[[ Given material, beginning ]]

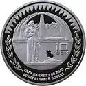| Аверс: государственный герб в обрамлении солнечных лучей, год выпуска монеты. Реверс: фигура женщины-матери, Вечный огонь и элементы мемориального комплекса «Победа» на фоне стилизованного изображения юрты и гор, орнамент в виде солнечных лучей и колосьев, номинал, проба и масса металла, надписи на кирг. УЛУУ ЖЕҢИШКЕ 60 ЖЫЛ и рус. 60 ЛЕТ ВЕЛИКОЙ ПОБЕДЕ. Масса: 28,28 г. Диаметр: 38,60 мм. Тираж: 1000 шт. Отчеканена на Кремницком монетном дворе. | ||
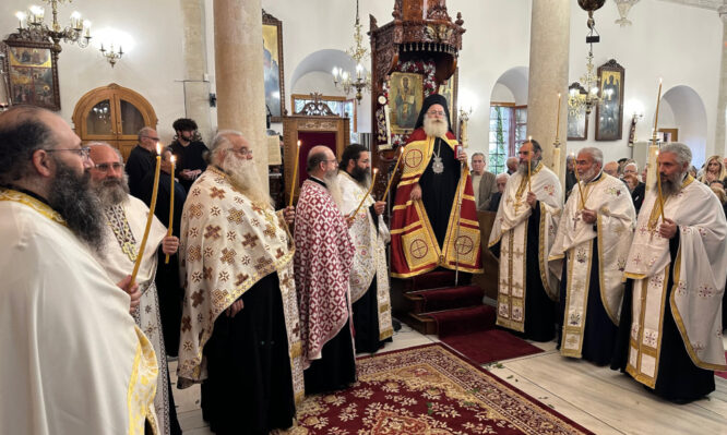 Με την πρέπουσα λαμπρότητα και εκκλησιαστική τάξη τελέσθηκε τo απόγευμα της Τρίτης 22 Απριλίου 2025 ο Μέγας Αρχιερατικός Εσπερινός της εορτής της μνήμης του Αγίου Μεγαλομάρτυρος Γεωργίου του Τροπαιοφόρου στον πανηγυρίζοντα φερώνυμο Ιερό Μητροπολιτικό Ναό της Ιεράπετρας.
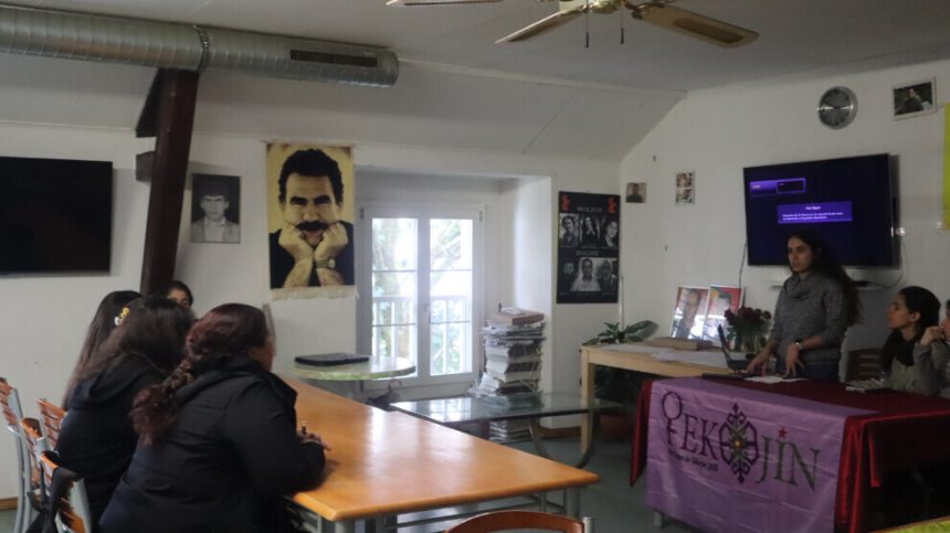Piştî sînevîzyonê atolye bi berzkirina dirûşmeyên “Jin Jiyan Azadî” û ”Bijî Serok Apo” bi dawî bû.

[[ Given material, end ]]

*What the task requires*. A verbatim copy is needed of the lines running from the line with "Με την πρέπουσα" to the end of the data above, both included. Keep the pictures out of it.

*Task solution*.
 Με την πρέπουσα λαμπρότητα και εκκλησιαστική τάξη τελέσθηκε τo απόγευμα της Τρίτης 22 Απριλίου 2025 ο Μέγας Αρχιερατικός Εσπερινός της εορτής της μνήμης του Αγίου Μεγαλομάρτυρος Γεωργίου του Τροπαιοφόρου στον πανηγυρίζοντα φερώνυμο Ιερό Μητροπολιτικό Ναό της Ιεράπετρας.
Piştî sînevîzyonê atolye bi berzkirina dirûşmeyên “Jin Jiyan Azadî” û ”Bijî Serok Apo” bi dawî bû.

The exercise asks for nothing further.